*** Opening of DATA BLOCK ***

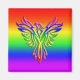 Ein wunderschöner LGBT-Kühlschrankmagnet. Es ist mit Prägung, Regenbogenfoenix, ausgestreckten Flügeln, die aus der Asche auf einem passenden Regenbogenuntergrund aufsteigen
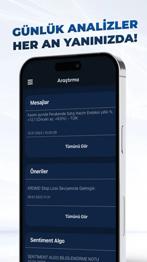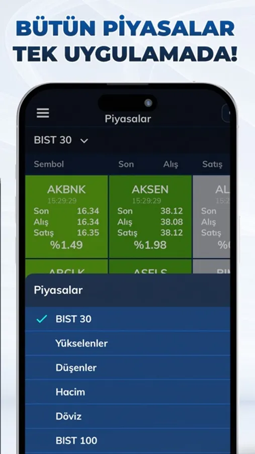 Borsa verilerini, dolar ve altın fiyatlarını anlık olarak takip edebilir, hisse senedi, VİOP sözleşmeleri ve varant alım satım işlemlerinizi kolayca gerçekleştirebilirsiniz.
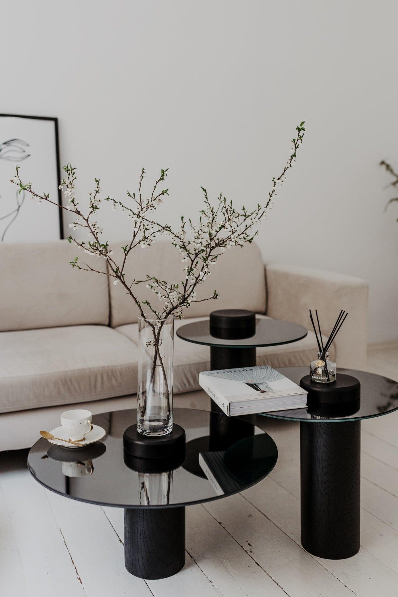 Jeho jemný tvar se hodí i do menších prostor, a v kombinaci s ostatními stolky ze sady dodá interiéru jedinečný charakter.
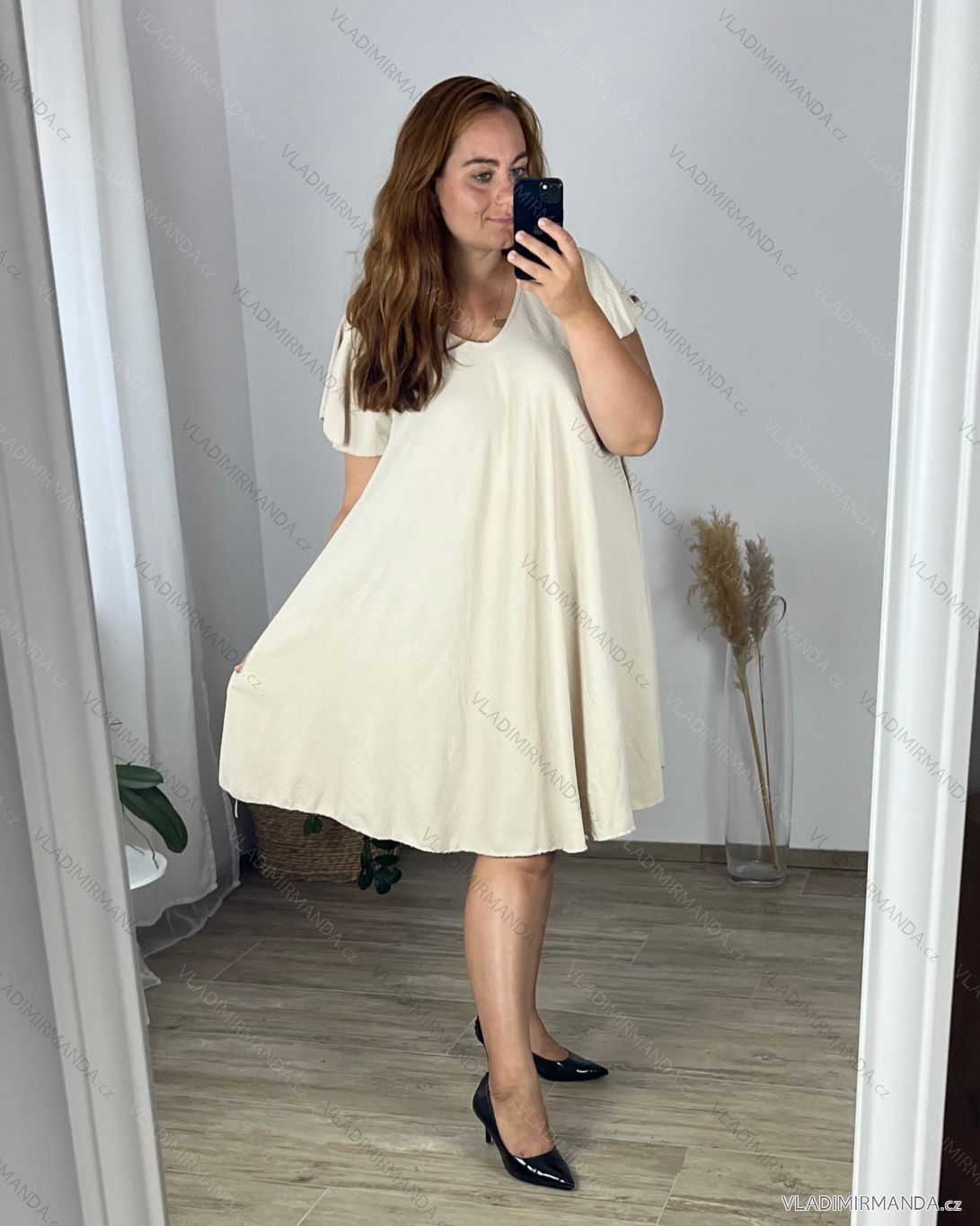 Short summer long sleeve women's dress, oversized (54/56/58 ONE SIZE) ITALIAN FASHION IM425070

*** Close of DATA BLOCK ***

* TASK
All of the material above goes into the copy exactly as is; the pictures do not.

* ANSWER TO THE PROBLEM
 Ein wunderschöner LGBT-Kühlschrankmagnet. Es ist mit Prägung, Regenbogenfoenix, ausgestreckten Flügeln, die aus der Asche auf einem passenden Regenbogenuntergrund aufsteigen
 Borsa verilerini, dolar ve altın fiyatlarını anlık olarak takip edebilir, hisse senedi, VİOP sözleşmeleri ve varant alım satım işlemlerinizi kolayca gerçekleştirebilirsiniz.
 Jeho jemný tvar se hodí i do menších prostor, a v kombinaci s ostatními stolky ze sady dodá interiéru jedinečný charakter.
 Short summer long sleeve women's dress, oversized (54/56/58 ONE SIZE) ITALIAN FASHION IM425070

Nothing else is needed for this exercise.